Our intrinsic tendency to isolate problems in order to find well-defined solutions proved to be an inadequate strategy at all levels. Scientifically, we failed to pay attention to how tightly social and environmental aspects of global change are coupled; politically, a fragmented approach focused on the least common denominator had the world caught in a race to the bottom for far too long; and individually and collectively, our inability to grasp the urgency of the situation and to perceive the consequences of individual and collective actions has kept us from implementing meaningful change.

For example, a year ago we noted that the COVID pandemic was a stress test of our planetary systems. Many around the world hoped that, while the pandemic was a shock to our social and economic health systems, it would also be a major reset on our environmental and planetary health systems. What we have seen, and what this IPCC report demonstrates, is that this simply has not (yet?) been the case. We are failing to contain the pandemic, not because we did not succeed in developing vaccines, but because too many people are not willing to be vaccinated and we fail at responsible collective action at virtually every scale.

Just as we demonstrated with poor preparedness and response to COVID, we are historically and currently displaying the same shortsightedness when it comes to climate action. As with the current state of the pandemic, we possess most of the tools to succeed, but we lack the commitment to necessary action. In our view, this represents a failure of communication and societal will -and ultimately requires the necessary imagination to transform systems at a global scale.

A future of hope?

The pandemic showed that unprecedented resources can be marshaled to deal with the fallout of catastrophic events.
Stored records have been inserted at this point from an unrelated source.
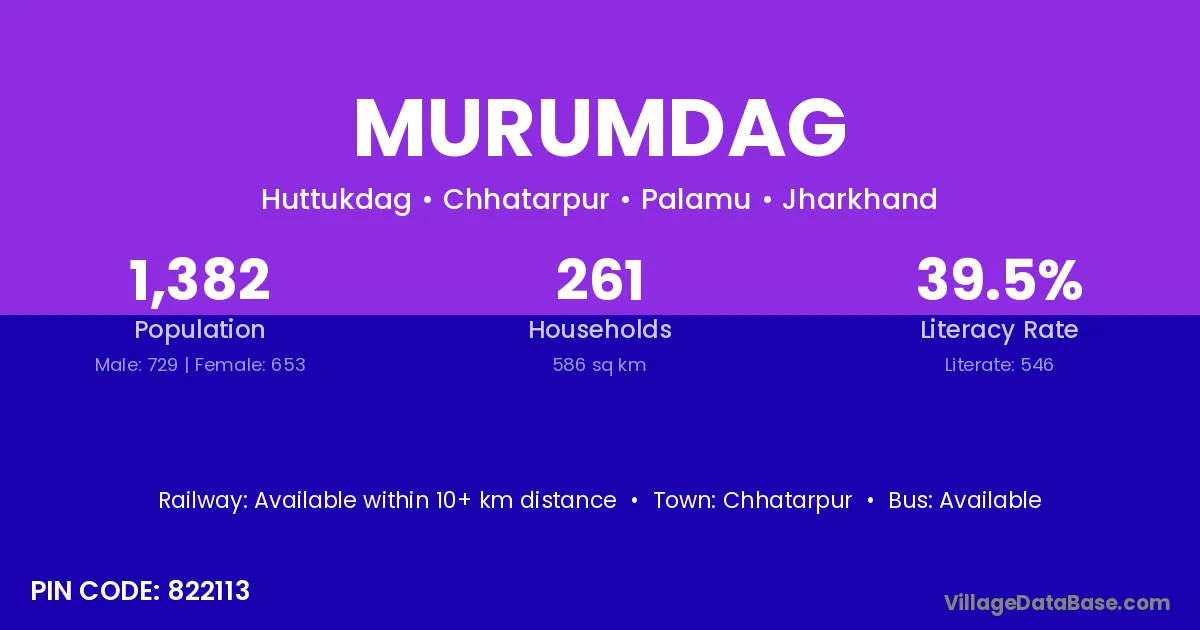 The literacy rate of Murumdag village is 50.97%. Male literacy stands at 61.36% and female literacy at 40.00%.
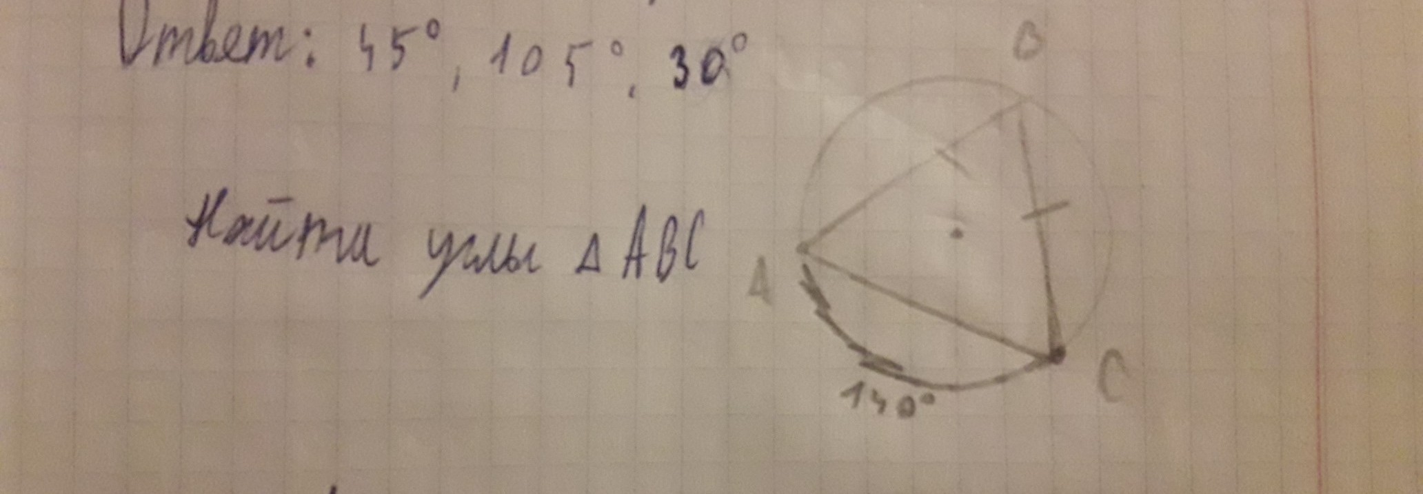 Сначало находим дуги.Так как треугольник имеет две ровные стороны то и дуги ровны. (360-140):2=110 110:2=55- A=C 180-110=70-B Или
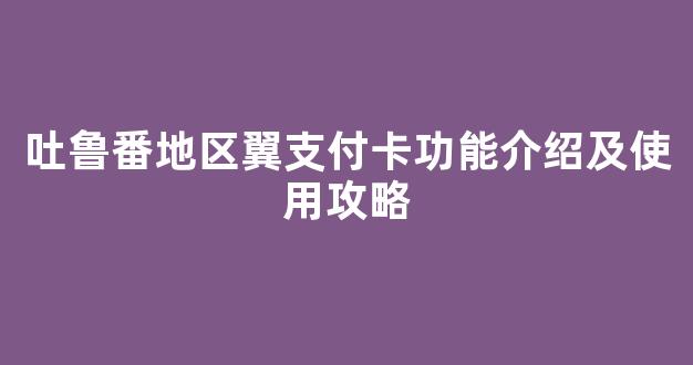 在吐鲁番地区,翼支付卡已经成为许多人日常生活中不可或缺的一部分。这张卡不仅方便快捷,还能为你带来许多实惠。今天,我将为你详细介绍翼支付卡的功能和使用攻略,帮助你更好地利用这张卡。
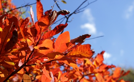 autumn leaves of red color and blue sky
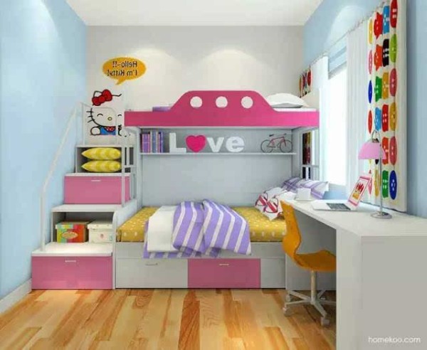 充满收纳的儿童房 ?扩容面积 传统:普通床铺 新意:双层加柜梯设计,增加储物功能 困难:需要多逛选到合适尺寸或订做 小孩子玩具、书本、娃娃等杂物过多,将下床设计成抽屉床,充分发挥了闲置空间的使用功能。同时,整个楼梯的阶梯就像4个小收纳箱拼搭而成,实用又可爱。二层的床铺,也可以容纳更多的人居住。从利用率上提升了空间面积。
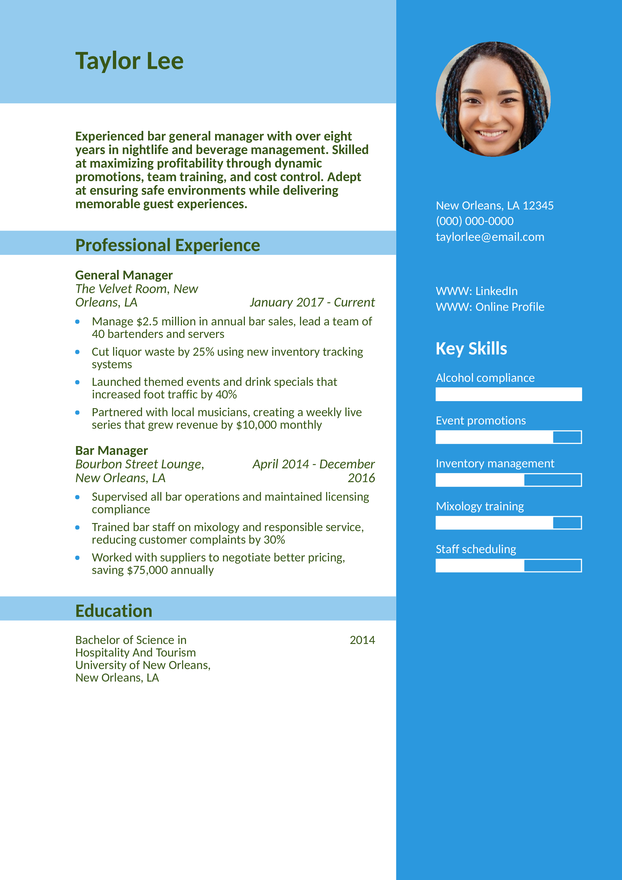 This resume effectively captures the fast-paced nature of bar management, highlighting specific revenue gains and improvements in service quality. Review how to highlight your accomplishments with metrics.
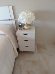 Comodino adatto all altezza del mio letto , imballaggio ottimo, spiegazione di montaggio semplici e chiare cassetti facilmente scorrevoli , soddisfatta per qualità e prezzo ,l ho abbinati alla cassettiera stesso stile
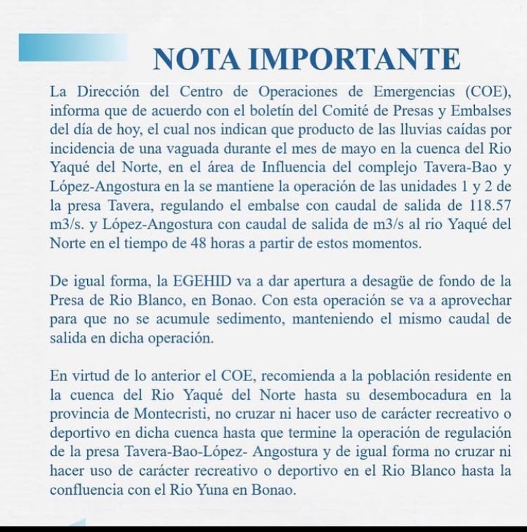 El Centro de Operaciones de Emergencias (COE) informó que, debido a las lluvias registradas durante el mes de mayo por la incidencia de una vaguada en la cuenca del río Yaque del Norte, continúan las operaciones de regulación de las presas Tavera, Bao y López-Angostura, lo cual ha provocado un incremento en el caudal de salida de agua hacia ese afluente.
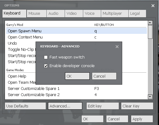 First off, you're going to enable developer console. To start, you will need to bind your open console key. Navigate to the "Keyboard" section of options, click Advanced, then check the "enable developer console" tick.

Humans saw the virus as such an existential threat that vast resources including funding and access to facilities were made available to produce vaccines at a record speed. That same urgency is now required to address the climate threats that have been growing steadily for more than 100 years. Used in a strategic way, dynamic transformations that can help us avoid the worst implications of the IPCC report and put our global society and the Earth system on a different trajectory could be initialized at potentially a smaller amount of the resources deployed for COVID.

This idea — the opportunity of human action to positively and impactfully help shape our global future to ensure a habitable planet for all — is at the very essence of the work being done by more than 600 scientists and scholars here at Arizona State University. This is why we are endeavoring to create technological systems that will work in harmony with the planet’s natural systems to remove carbon from the atmosphere and stop the global warming that we are experiencing. This is why we collaborate across the sciences, the humanities and arts to identify solutions and work among international networks to engage citizens from around the world. This is how the Julie Ann Wrigley Global Futures Laboratory is shaping tomorrow, today.